The response should consist solely of the line containing "Подберите нитку, максимально" and the lines after it through the end of the listing below, repeated exactly.

*** Begin section ***

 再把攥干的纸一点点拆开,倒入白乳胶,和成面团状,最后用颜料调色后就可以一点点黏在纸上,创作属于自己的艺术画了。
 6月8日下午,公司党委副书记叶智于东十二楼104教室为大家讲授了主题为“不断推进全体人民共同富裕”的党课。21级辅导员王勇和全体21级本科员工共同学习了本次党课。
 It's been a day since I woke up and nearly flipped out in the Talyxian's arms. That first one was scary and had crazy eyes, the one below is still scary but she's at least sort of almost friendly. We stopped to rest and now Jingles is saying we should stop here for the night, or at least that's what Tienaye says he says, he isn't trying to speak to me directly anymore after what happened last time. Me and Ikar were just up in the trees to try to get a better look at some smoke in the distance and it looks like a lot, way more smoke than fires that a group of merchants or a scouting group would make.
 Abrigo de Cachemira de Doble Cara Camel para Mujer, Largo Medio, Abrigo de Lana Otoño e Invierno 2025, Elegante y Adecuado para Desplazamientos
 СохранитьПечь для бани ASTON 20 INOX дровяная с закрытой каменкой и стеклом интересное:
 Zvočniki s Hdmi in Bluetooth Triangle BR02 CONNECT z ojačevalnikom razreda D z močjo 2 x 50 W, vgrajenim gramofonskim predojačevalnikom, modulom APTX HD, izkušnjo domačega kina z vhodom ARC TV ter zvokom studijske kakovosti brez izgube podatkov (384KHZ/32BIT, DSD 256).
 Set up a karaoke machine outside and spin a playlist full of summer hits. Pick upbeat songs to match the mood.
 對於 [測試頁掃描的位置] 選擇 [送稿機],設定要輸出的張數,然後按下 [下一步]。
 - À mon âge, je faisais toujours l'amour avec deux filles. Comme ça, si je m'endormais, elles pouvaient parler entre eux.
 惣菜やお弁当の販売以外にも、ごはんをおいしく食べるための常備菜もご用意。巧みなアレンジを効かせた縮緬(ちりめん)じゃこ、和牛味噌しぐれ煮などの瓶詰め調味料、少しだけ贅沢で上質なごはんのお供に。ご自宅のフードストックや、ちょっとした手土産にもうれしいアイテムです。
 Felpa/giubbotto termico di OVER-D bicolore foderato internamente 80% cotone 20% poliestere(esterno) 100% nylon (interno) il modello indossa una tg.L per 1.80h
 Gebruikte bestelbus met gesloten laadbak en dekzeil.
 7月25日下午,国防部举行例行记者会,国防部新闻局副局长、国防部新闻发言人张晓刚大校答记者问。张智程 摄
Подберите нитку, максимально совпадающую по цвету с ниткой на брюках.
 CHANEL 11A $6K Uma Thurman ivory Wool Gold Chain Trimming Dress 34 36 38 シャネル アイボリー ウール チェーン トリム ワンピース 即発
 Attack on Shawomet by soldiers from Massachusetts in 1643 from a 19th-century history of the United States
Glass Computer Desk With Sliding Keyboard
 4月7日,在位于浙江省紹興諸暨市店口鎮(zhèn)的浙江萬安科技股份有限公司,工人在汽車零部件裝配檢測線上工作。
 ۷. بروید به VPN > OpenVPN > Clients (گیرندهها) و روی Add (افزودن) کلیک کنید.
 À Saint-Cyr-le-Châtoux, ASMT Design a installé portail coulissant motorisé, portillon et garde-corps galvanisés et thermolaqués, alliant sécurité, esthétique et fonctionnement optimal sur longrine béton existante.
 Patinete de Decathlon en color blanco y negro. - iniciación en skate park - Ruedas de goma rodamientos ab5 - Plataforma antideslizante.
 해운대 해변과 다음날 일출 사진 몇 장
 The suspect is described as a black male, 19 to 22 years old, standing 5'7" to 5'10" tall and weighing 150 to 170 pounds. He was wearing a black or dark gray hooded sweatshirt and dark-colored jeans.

*** End section ***

__Solution for this problem__:
Подберите нитку, максимально совпадающую по цвету с ниткой на брюках.
 CHANEL 11A $6K Uma Thurman ivory Wool Gold Chain Trimming Dress 34 36 38 シャネル アイボリー ウール チェーン トリム ワンピース 即発
 Attack on Shawomet by soldiers from Massachusetts in 1643 from a 19th-century history of the United States
Glass Computer Desk With Sliding Keyboard
 4月7日,在位于浙江省紹興諸暨市店口鎮(zhèn)的浙江萬安科技股份有限公司,工人在汽車零部件裝配檢測線上工作。
 ۷. بروید به VPN > OpenVPN > Clients (گیرندهها) و روی Add (افزودن) کلیک کنید.
 À Saint-Cyr-le-Châtoux, ASMT Design a installé portail coulissant motorisé, portillon et garde-corps galvanisés et thermolaqués, alliant sécurité, esthétique et fonctionnement optimal sur longrine béton existante.
 Patinete de Decathlon en color blanco y negro. - iniciación en skate park - Ruedas de goma rodamientos ab5 - Plataforma antideslizante.
 해운대 해변과 다음날 일출 사진 몇 장
 The suspect is described as a black male, 19 to 22 years old, standing 5'7" to 5'10" tall and weighing 150 to 170 pounds. He was wearing a black or dark gray hooded sweatshirt and dark-colored jeans.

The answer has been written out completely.